▶ **Task**:
In the entries below, find the line with "- Status: Choose" and the line with "Bucket Tote Bag, Limited"; copy them and every line between them exactly, but not the pictures.
-------- Provided data
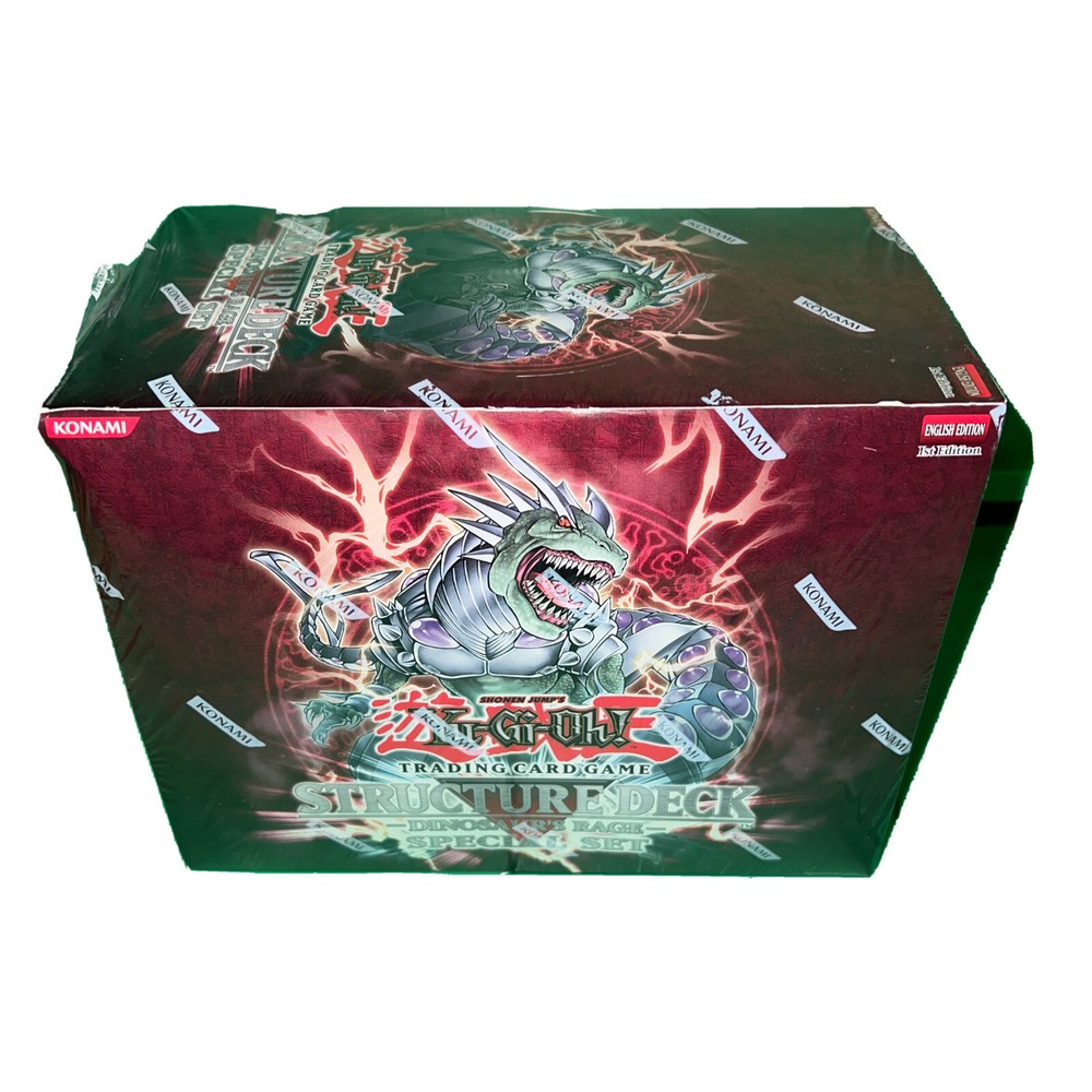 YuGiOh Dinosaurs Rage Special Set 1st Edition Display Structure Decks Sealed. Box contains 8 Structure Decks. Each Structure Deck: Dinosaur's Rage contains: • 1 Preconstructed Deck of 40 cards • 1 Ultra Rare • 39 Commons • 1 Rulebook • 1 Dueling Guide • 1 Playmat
----------------
-------- Provided data
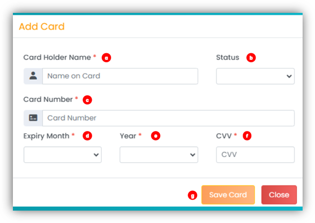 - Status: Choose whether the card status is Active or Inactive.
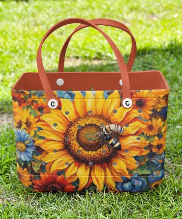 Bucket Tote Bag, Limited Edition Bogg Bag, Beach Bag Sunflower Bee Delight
----------------
▶ **Solution**:
 - Status: Choose whether the card status is Active or Inactive.
 Bucket Tote Bag, Limited Edition Bogg Bag, Beach Bag Sunflower Bee Delight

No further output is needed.